# [Records to process]
▼
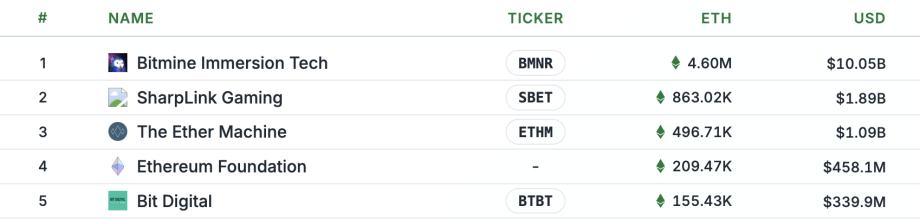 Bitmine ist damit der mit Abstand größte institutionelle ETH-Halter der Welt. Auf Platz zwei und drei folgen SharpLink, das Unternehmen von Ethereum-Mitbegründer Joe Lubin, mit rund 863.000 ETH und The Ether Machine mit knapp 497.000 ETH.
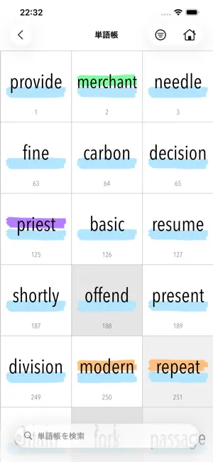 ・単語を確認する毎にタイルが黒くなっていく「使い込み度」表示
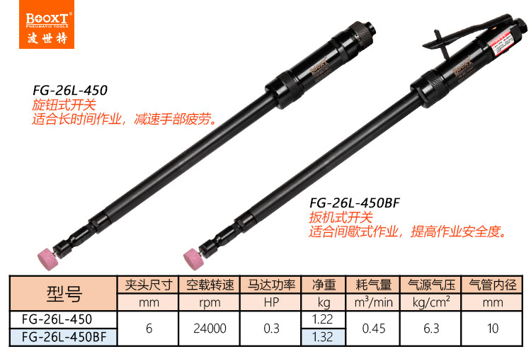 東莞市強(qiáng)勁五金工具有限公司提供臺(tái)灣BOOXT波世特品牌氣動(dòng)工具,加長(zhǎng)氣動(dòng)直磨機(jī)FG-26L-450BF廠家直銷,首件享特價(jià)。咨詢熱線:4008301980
▲
▼
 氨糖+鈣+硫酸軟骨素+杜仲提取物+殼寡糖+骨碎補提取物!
▲
▼
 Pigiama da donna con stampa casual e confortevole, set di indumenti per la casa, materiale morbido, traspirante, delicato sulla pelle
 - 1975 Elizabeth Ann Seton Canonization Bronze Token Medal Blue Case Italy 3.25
▲
# [What this task involves]
Start with the line above that contains "Pigiama da donna" and end with the line that contains "- 1975 Elizabeth". Write out those lines exactly, and only those.

# [Solution to this exercise]
 Pigiama da donna con stampa casual e confortevole, set di indumenti per la casa, materiale morbido, traspirante, delicato sulla pelle
 - 1975 Elizabeth Ann Seton Canonization Bronze Token Medal Blue Case Italy 3.25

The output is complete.